MADISON, Wis. — ON Semiconductor doesn’t usually come off as a powerhouse in image sensor technology, largely because the $2.8 billion company has a broad product portfolio spread across different markets.
Moreover, ON Semiconductor’s image sensors aren’t designed into consumer products such as smartphones or tablets -- the two biggest market drivers in the recent growth of CMOS image sensors. The company’s focus on the high-margin industrial market for machine vision tends to keep it under the radar.
But this is a general perception that’s about to change.
ON Semiconductor just last week signed a definitive agreement to acquire Truesense Imaging Inc., which for 40 years served as Eastman Kodak’s imaging division.
Yole Développement’s list of key players in machine vision begins with Truesense and continues on to Aptina, ON Semiconductor, PhotonFocus, e2v, CMOSIS, Xfab, Lfoundry, TowerJazz, Sony, and Hamamatsu. Given this order of importance, ON Semiconductor has clearly carved out space on the most visible part of the map by buying its biggest competitor.
The acquisition, scheduled to close at the end of the current quarter, is expected to strengthen ON Semiconductor’s already established high-speed, high-performance CMOS image sensor business.
ON Semiconductor combined its home-grown imaging and light sensor business with the CMOS image sensor product lines it acquired in 2011 from Cypress Semiconductor. Cypress’s image sensor technology was rooted in IMEC spinoff FillFactory in Belgium, which Cypress bought in 2004.
On to automotive?
Industry observers expect ON Semiconductor to move its image sensor products into the automotive market soon. However, in an interview with EE Times, Edwin Ringoot, strategic marketing manager for the Image Sensor business unit, hesitated to comment on any specifics for the company's plan to move in the automotive sector.
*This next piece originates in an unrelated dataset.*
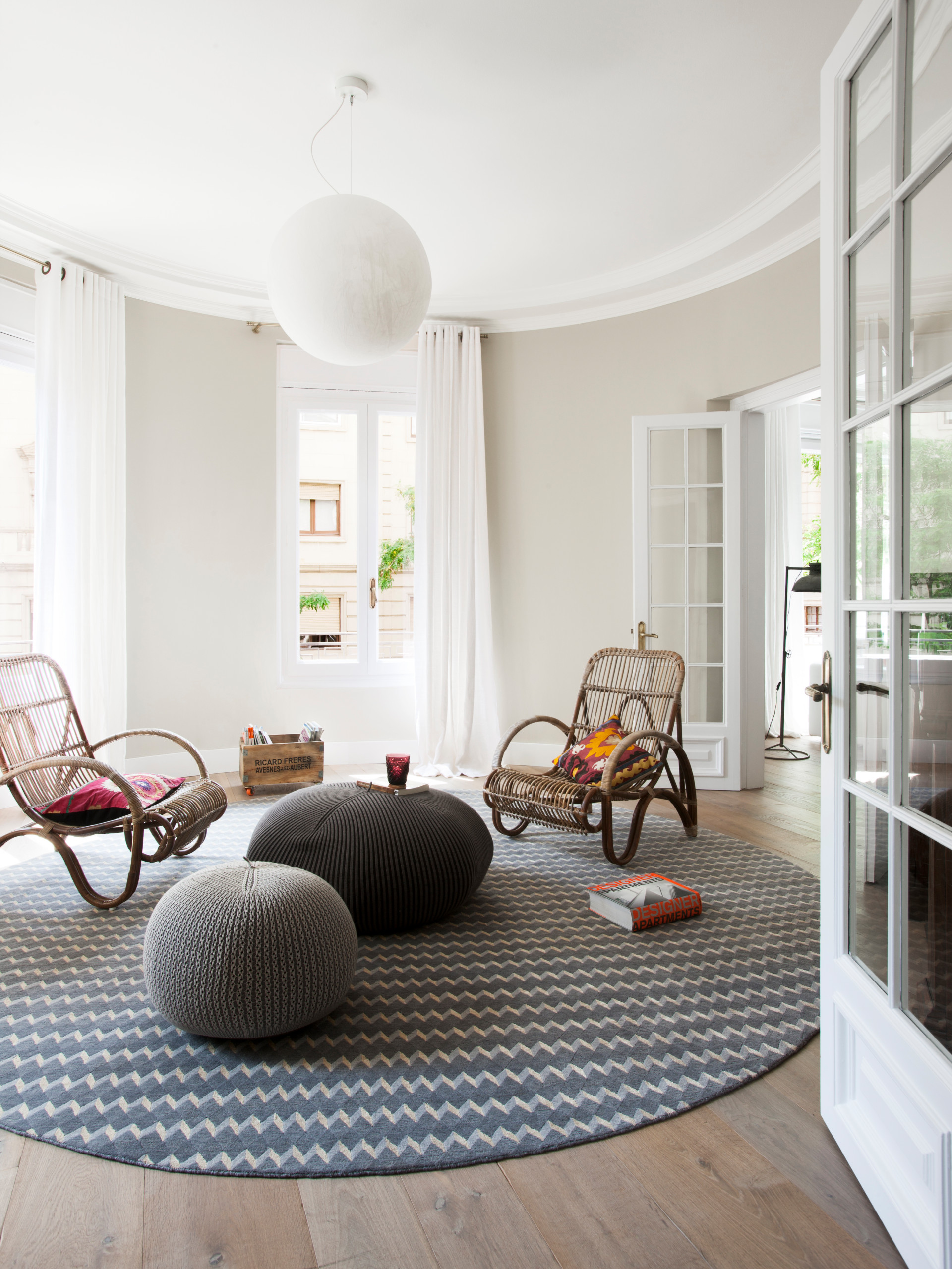 Le style organique n’aime pas l’accumulation, ni le désordre : la sobriété est de mise, avec des éléments forts comme ces gros poufs « rochers » qui symbolisent un îlot au centre de ce salon lumineux et circulaire. Ce style réinvente souvent la circulation et l’agencement d’une pièce : ainsi, contrairement à nos habitudes, les meubles ne sont plus collés aux murs, mais s’autonomisent au milieu de la pièce, formant dans la mesure du possible des pôles de fonction (la lecture, le repas, la détente…) pour libérer la circulation.

He only agreed that carmakers’ demand for multiple cameras is becoming a significant market force.
As Eric Mounier, a senior analyst at Yole, explains, CMOS image sensors for the automotive sector must have specific characteristics. They include: high dynamic range, no motion artifacts, a low price (less than $10), robustness, and low-light sensing.
Brian O'Rourke, senior principal analyst at IHS, agrees. The ability to stand up to difficult environments, in addition to near-IR capability and longer lifecycle, are particularly important for automotive, he says: “A new sensor maker entering the automotive market would need to invest years before seeing a payoff.”
That timetable might well serve ON Semiconductor. The company has specialized in high-performance image sensors for machine vision for years, although it probably needs further modifications to its image sensor product lines to compete effectively in automotive.
Internally defining high-speed sensors as a product capable of capturing images between 250 frames per second and 500 frames per second, ON Semiconductor has the No. 1 share in that specific market, according to Ringroot. Imagine a car driving at high speed on a highway, he says. The ability for that car to detect a small object on the highway would require a high-speed image sensor.
Making it clear that ON Semiconductor does not compete with smartphone image sensor suppliers such as Sony or Omnivision, Ringoot says his company has a stronghold in such markets as specialty CMOS sensors and standard and turnkey custom image and light sensors.
Armed with very fast global shutter 2D sensors and products that meet industrial and space/military standards, ON Semiconductor’s image sensors are typically gunning for applications such as machine vision, biometrics, barcode, medical, digital cinema, space and military, motion analysis, and intelligent traffic system (ITS), says Ringroot.
Against that backdrop, ON Semiconductor this week launched a new family of CMOS image sensors called Python. With resolutions of 300 K, 500 K, and 1.3 megapixels, respectively, the Python 300, 500, and 1300 are designed to address the needs of general-purpose industrial image sensing applications. Later this year, ON Semiconductor is planning to add more Python sensors with higher resolutions.